[Entries taken from a collection]
______
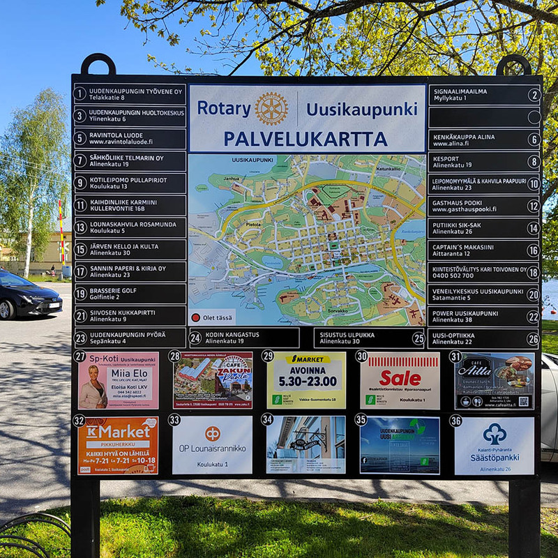 Tärkeintä on näkyvyys. Hyvin suunnitelluilla ja huolella asennettuilla teipeillä näyt hyvin ja erotut muista. Laadukkailla tarratulosteilla merkitset melkein mitä vain. Säätä kestävä kyltti tai opaste oikealla materiaalivalinnalla ohjaa asiakkaasi tai vieraasi perille.
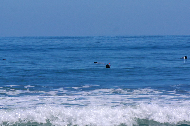 Da das Meer wirklich flach ist, ist es kein Problem für Jonas etwas raus zu schwimmen und den Delfinen noch näher zu sein. Gratis Schwimmen mit Delfinen!
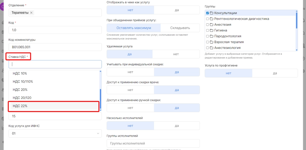 Добавили вариант ставки для налоговой в 22% при настройке услуг прайс-листа
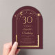 Celestial Red Gold Sun Moon Astronomy 30e anniversaire Acrylique Invitations dispose d'un élégant soleil doré, lune et étoiles avec un cadre doré sur un arrière - plan rose profond. A l'intérieur, vous avez vos informations d'invitation personnalisées pour le trentième anniversaire. Personnalisez en modifiant le texte dans les zones de texte. Conçu pour vous par Evco Studio www.zazzle.com/store/evcostudio
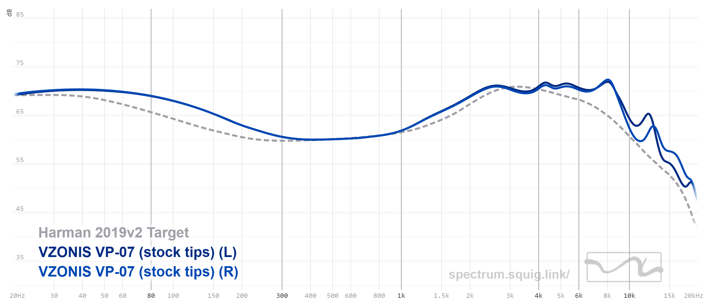 По звучанию у нас очень хорошо выраженная V-шка с массивным и ярким звуком. VP-07 явно ориентированы на усредненную целевую кривую Харман и, в общем, хорошо в нее попадают, но они более драйвовые на низких частотах и чуть более эмоциональные и яркие на высоких частотах. Все это не придает звучанию натуральности, но зато они хорошо динамичные и, если можно так сказать, веселые. Да и сбалансированы они тоже неплохо, потому что звука добавили нам с обеих сторон, и яркие высокие частоты вполне уравновешиваются ударным и плотным басом.
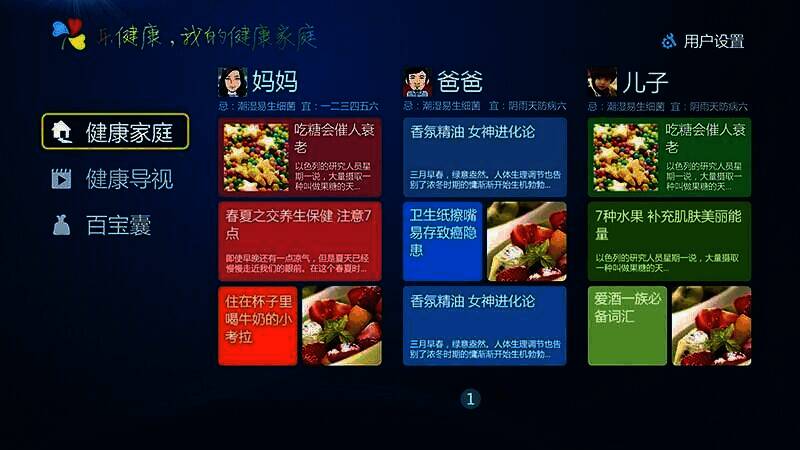 《乐健康》是专门为智能电视定制的应用,它从家庭不同成员的角度考量,综合每个人的生活、饮食和身体健康状况,以图文并茂和视频的形式,每天为不同家庭成员推荐科学合理的饮食、运动和作息建议,还会根据天气、气候变化对衣着、出行给出预警提示。
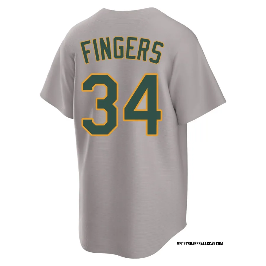 Get the Rollie Fingers Men's Oakland Athletics Gray Replica Away 2.0 Jersey, showcasing the latest design and premium quality for dedicated fans. Elevate your baseball wardrobe now!
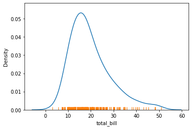 주황 색선이 rugplot, 파란색 선이 kdeplot이다. rugplot은 보조 그래프 정도로 참고용 이라보면 된다.
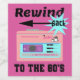 Rewind Back to the 80's, ce design présente un style rétro des années 1980 en rose et bleu avec un texte disant, "Rewind Back to the 80's".
______
*TASK:* Please reproduce, word for word, every line from the first line of the records above through the line containing "Celestial Red Gold", and leave out the pictures.

*RESULT OF THE TASK:*
 Tärkeintä on näkyvyys. Hyvin suunnitelluilla ja huolella asennettuilla teipeillä näyt hyvin ja erotut muista. Laadukkailla tarratulosteilla merkitset melkein mitä vain. Säätä kestävä kyltti tai opaste oikealla materiaalivalinnalla ohjaa asiakkaasi tai vieraasi perille.
 Da das Meer wirklich flach ist, ist es kein Problem für Jonas etwas raus zu schwimmen und den Delfinen noch näher zu sein. Gratis Schwimmen mit Delfinen!
 Добавили вариант ставки для налоговой в 22% при настройке услуг прайс-листа
 Celestial Red Gold Sun Moon Astronomy 30e anniversaire Acrylique Invitations dispose d'un élégant soleil doré, lune et étoiles avec un cadre doré sur un arrière - plan rose profond. A l'intérieur, vous avez vos informations d'invitation personnalisées pour le trentième anniversaire. Personnalisez en modifiant le texte dans les zones de texte. Conçu pour vous par Evco Studio www.zazzle.com/store/evcostudio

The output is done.